Miniatura Marvel Nº 40 - Dr. Estranho

A capa é outro destaque. Desde pequeno o formato do manto do Dr. Estranho me chama atenção, com suas imensas golas em formato de dois chifres, conferindo um "ar" ao mesmo tempo demoníaco (quando visto de costas) e de poder e introspecção quando visto de frente. Além disso, o manto está com uma modelagem que lhe confere as ondulações características de um tecido grosso e pesado. O famoso, o lendário, Olho de Agamoto está presente prendendo o manto ao peito do herói. Sua presença enriquece e dá consistência histórica à peça, algo que todo fã quer ver no personagem que gosta. Outro ponto que merece destaque são as inscrições presentes na faixa amarela mais externa da capa.

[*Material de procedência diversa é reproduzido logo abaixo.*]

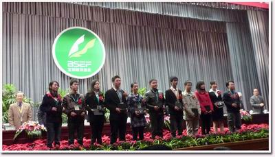 2011年度宝钢教育奖评选结果于近日揭晓,我院陈晨同学、汪晓莲教授分获宝钢优秀学生奖、优秀教师奖。颁奖典礼于11月24日下午在宝钢人才开发院举行,我校党委副书记鹿明等参加了颁奖典礼。宝钢集团有限公司董事长徐乐江亲自为获奖同学颁发了证书。

Como "runas" místicas, esses desenhos também estão de acordo com o visual que todos nós conhecemos do velho e bom mago. A modelagem do rosto, infelizmente não faz jus ao personagem. Embora o bigode seja sua marca registrada, de alguma forma sua face, da maneira como está, deixa o herói com uma idade e uma aparência não muito poderosa, pelo contrário.

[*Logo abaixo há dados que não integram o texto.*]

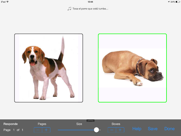 - Actividades de aprendizaje de conceptos. Creando un tablero con dos imágenes, lanzamos una pregunta para que la persona señale la respuesta correcta. En esta ocasión solo se ha marcado como «respuesta correcta» una de las opciones, sin asociar sonido, de forma que, al pulsar sobre ella, se muestra a pantalla completa acompañada de un aplauso. Si se pulsa sobre la respuesta incorrecta, simplemente no sucede nada.

Miniatura Marvel Nº 40 - Dr. Estranho

O Dr. Estranho é na verdade Stephen Strange, um médico cirurgião outrora famoso e arrogante. Ao melhor estilo Marvel, a origem do personagem é marcada pelo processo de derrocada e redenção. Antes de se tornar o herói que conhecemos ele era incapaz de realizar um ato sequer movido por bondade ou altruísmo, tudo o que o dirigia eram sua ambição e o amor pelo dinheiro. Um terrível acidente de carro, no entanto faria com que Strange perdesse determinados movimentos de suas mãos, impedindo-o, para sempre, de operar. Orgulhoso demais para procurar colegas de profissão em busca de uma cura, ou pelo menos um exercício mais "clínico", e não cirúrgico, da medicina, Stephen Strange partiu em busca de um homem que ouvira falar, O Ancião. Ao final de uma penosa jornada pela Montanhas do Tibete, ele encontraria o alvo de sua busca. Em um mosteiro isolado ele conheceria O Ancião que, reconhecendo o orgulho e egoísmo no coração do médico, lhe proporia um outro tipo de tratamento, a possibilidade do aprendizado das Artes Místicas. Talvez O Ancião tivesse reconhecido alguma chama de bondade no coração de Strange, ou talvez ele apenas estivesse preocupado com o fato de seu outro pupilo (o malévolo Barão Mordo) o suceder como grande mago.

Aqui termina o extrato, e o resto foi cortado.